### Work required
Wherever a picture appears, skip it and retype the rest of the data exactly.

### Source material
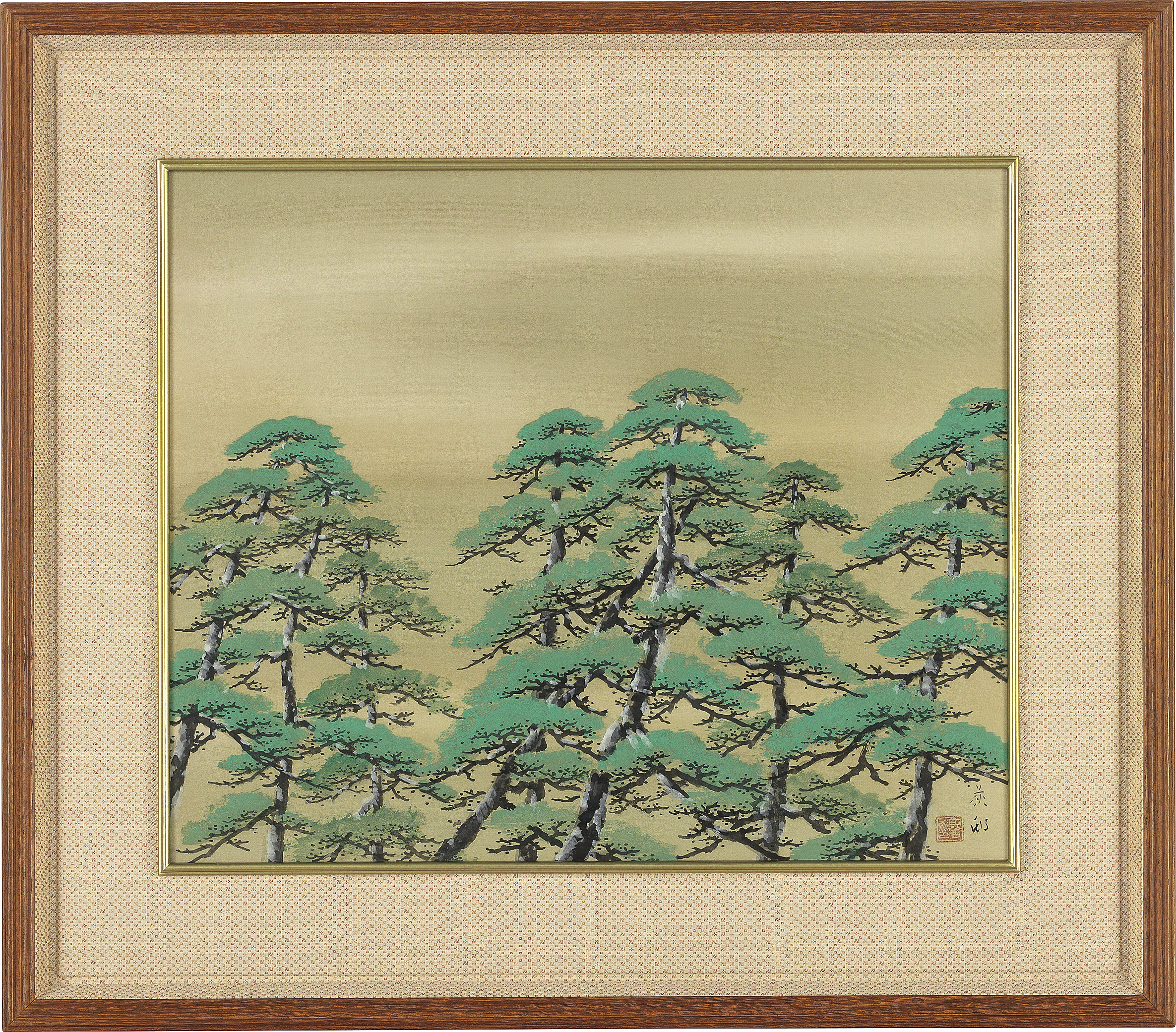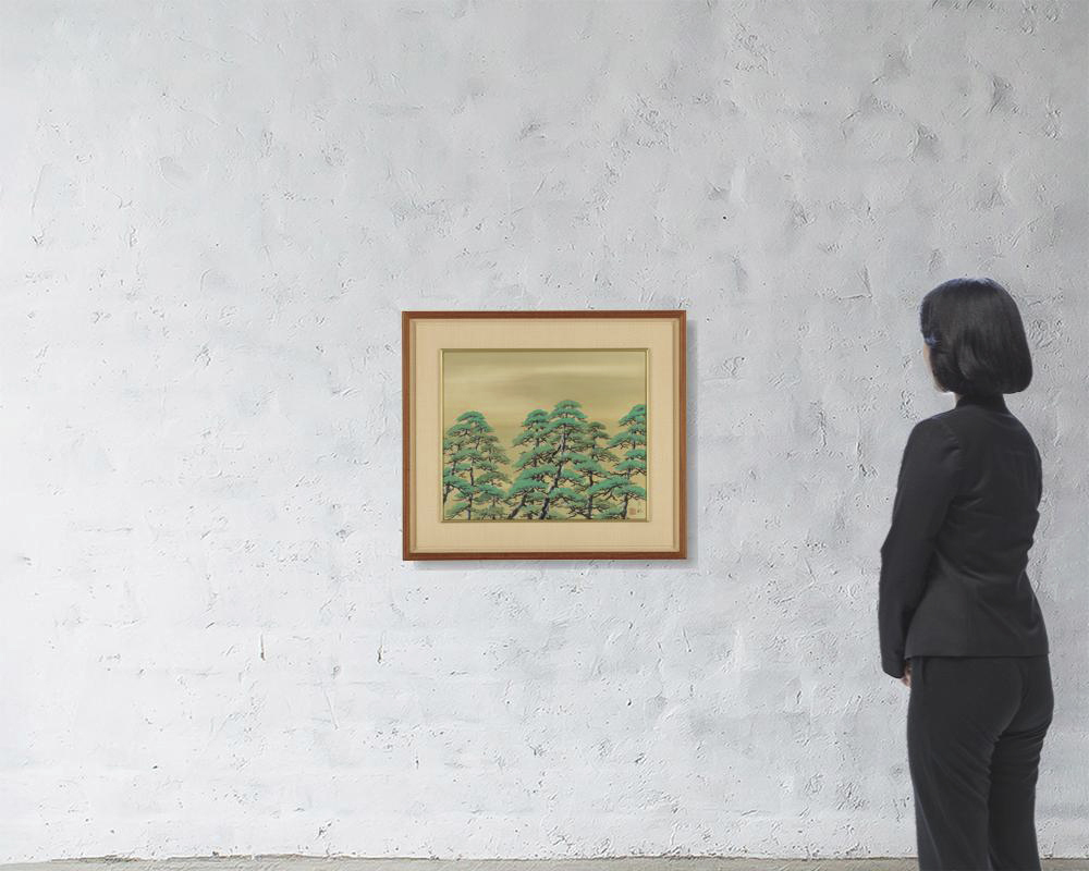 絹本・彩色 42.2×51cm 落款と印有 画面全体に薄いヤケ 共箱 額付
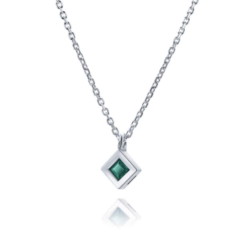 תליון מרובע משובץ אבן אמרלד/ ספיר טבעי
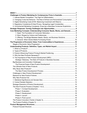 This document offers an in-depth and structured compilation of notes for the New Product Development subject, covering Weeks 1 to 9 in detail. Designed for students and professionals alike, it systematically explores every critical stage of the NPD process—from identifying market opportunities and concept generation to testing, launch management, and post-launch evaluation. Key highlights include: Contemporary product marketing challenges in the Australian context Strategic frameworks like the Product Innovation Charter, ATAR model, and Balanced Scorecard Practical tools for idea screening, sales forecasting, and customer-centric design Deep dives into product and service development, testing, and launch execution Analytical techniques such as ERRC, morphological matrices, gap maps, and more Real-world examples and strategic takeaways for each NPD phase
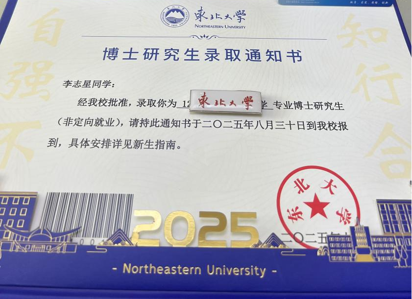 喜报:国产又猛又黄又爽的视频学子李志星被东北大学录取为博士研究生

### Exercise answer
 絹本・彩色 42.2×51cm 落款と印有 画面全体に薄いヤケ 共箱 額付
 תליון מרובע משובץ אבן אמרלד/ ספיר טבעי
 This document offers an in-depth and structured compilation of notes for the New Product Development subject, covering Weeks 1 to 9 in detail. Designed for students and professionals alike, it systematically explores every critical stage of the NPD process—from identifying market opportunities and concept generation to testing, launch management, and post-launch evaluation. Key highlights include: Contemporary product marketing challenges in the Australian context Strategic frameworks like the Product Innovation Charter, ATAR model, and Balanced Scorecard Practical tools for idea screening, sales forecasting, and customer-centric design Deep dives into product and service development, testing, and launch execution Analytical techniques such as ERRC, morphological matrices, gap maps, and more Real-world examples and strategic takeaways for each NPD phase
 喜报:国产又猛又黄又爽的视频学子李志星被东北大学录取为博士研究生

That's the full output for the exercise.